9.1. Il decreto legislativo 23 febbraio 2006, n. 109, recante la disciplina degli illeciti disciplinari dei magistrati e delle relative sanzioni all’art. 5, rubricato sanzioni, stabilisce che il magistrato che viola i suoi doveri è soggetto alle seguenti sanzioni disciplinari:
-l’ammonimento;
-la censura;
-la perdita dell’anzianità;
-l’incapacità temporanea a esercitare un incarico direttivo o semidirettivo;
-la sospensione dalle funzioni da tre mesi a due anni;
-la rimozione.
9.2. Stando alla lettera della riforma costituzionale art. 105 comma 2 e 107 comma 1 cost., sembra che le sanzioni (più gravi) che comportano la dispensa, la sospensione e il trasferimento dei magistrati ordinari non potranno essere emesse dall’Alta Corte, ma resteranno appannaggio dei due CSM[5].
E’ evidente che si tratta di un problema di non facile soluzione che dovrà essere affrontato in sede attuativa con le leggi ordinarie[6].
9.3. Il tentativo di soluzione a tale problema può incidere sulla definitività e decisorietà delle sentenze della Corte disciplinare e, quindi, sulla loro ricorribilità ex art. 111 comma 7 Cost.
Facciamo l’ipotesi che il legislatore ordinario adotti una soluzione per la quale, la Corte disciplinare emette la sentenza di sospensione dalle funzioni e il CSM è chiamato a recepire tale sentenza con una decisione formale ex art. 107 comma 1 Cost.
In tale evenienza, la sentenza dell’Alta Corte è definitiva e decisoria sulla situazione giuridica soggettiva del magistrato sanzionato? E’ direttamente ricorribile per cassazione ex art. 111 comma 7 Cost.?
La decisione di recepimento del CSM avrà margini di discrezionalità in merito?
Tale decisione potrà essere autonomamente impugnata davanti al TAR o potrà essere impugnata solo unitamente alla sentenza dell’Alta Corte disciplinare?

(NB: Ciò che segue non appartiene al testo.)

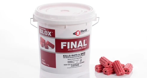 FINAL BLOX is a powerful all-weather Blox bait containing the single-feeding anticoagulant Brodifacoum. FINAL's multi-edge design gives rodents plenty of gnawing edges. This weatherable 20 gram Blox easily fits down burrows, in tight baiting areas and in bait stations.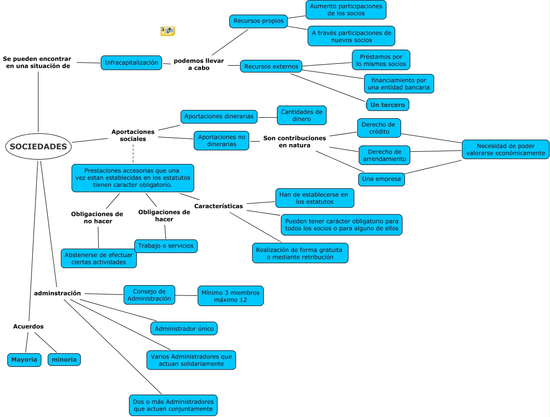 SEGUNDO PROBLEMA DE SOCIEDADES, SOCIEDADES adminstración Varios Administradores que actuan solidariamente, Recursos propios ???? A través participaciones de nuevos socios, SOCIEDADES adminstración Dos o más Administradores que actuen conjuntamente, SOCIEDADES Se pueden encontrar en una situación de Infracapitalización, Recursos externos ???? Préstamos por lo mismos socios, Derecho de arrendamiento ???? Necesidad de poder valorarse económicamente, SOCIEDADES Aportaciones sociales Prestaciones accesorias que una vez estan establecidas en los estatutos tienen caracter obligatorio., Prestaciones accesorias que una vez estan establecidas en los estatutos tienen caracter obligatorio. Características Realización de forma gratuita o mediante retribución, Una empresa ???? Necesidad de poder valorarse económicamente, Infracapitalización podemos llevar a cabo Recursos externos

In quest’ultimo caso, sarebbe davvero possibile impugnare un provvedimento amministrativo con il mezzo del ricorso straordinario ex art. 111 comma 7 Cost.?
10. In conclusione, non mi pare che la riforma costituzionale ci consegni una granitica certezza che le sentenze emesse in grado di appello dall’Alta Corte disciplinare saranno sicuramente ricorribili per cassazione ai sensi dell’art. 111 comma 7 Cost.
[1] V. Cass. SS.UU., 30 luglio 1953, n. 2593, in Foro it., 1953, I, 1240 e poi successivamente sempre confermata, per la quale «a seguito dell'entrata in vigore dell'art. 111 Cost., tutti i provvedimenti decisori, ancorché siano dichiarati sentenze non impugnabili o siano definiti ordinanze dalle leggi anteriori, sono impugnabili alla Cassazione per violazione di legge», dove nel concetto di «violazione di legge» si intendono tradizionalmente ricompresi anche i vizi della motivazione.
[2] CHIARELLI G., FEDERICI D., “La riforma costituzionale della magistratura e l’Alta Corte: le possibili conseguenze della sottrazione al CSM della potestà disciplinare. Verso una sanzione amministrativa “penale”?, in www.giustiziainsieme.it
[3] Un altro tema di approfondimento potrebbe essere proprio quello della situazione giuridica soggettiva incisa dal provvedimento disciplinare (se diritto soggettivo, interesse legittimo o entrambi) ma si tratta di questione che andrebbe valutata, caso per caso, a seconda delle sanzioni, di volta in volta, emanate e dei loro effetti giuridici nel caso concreto.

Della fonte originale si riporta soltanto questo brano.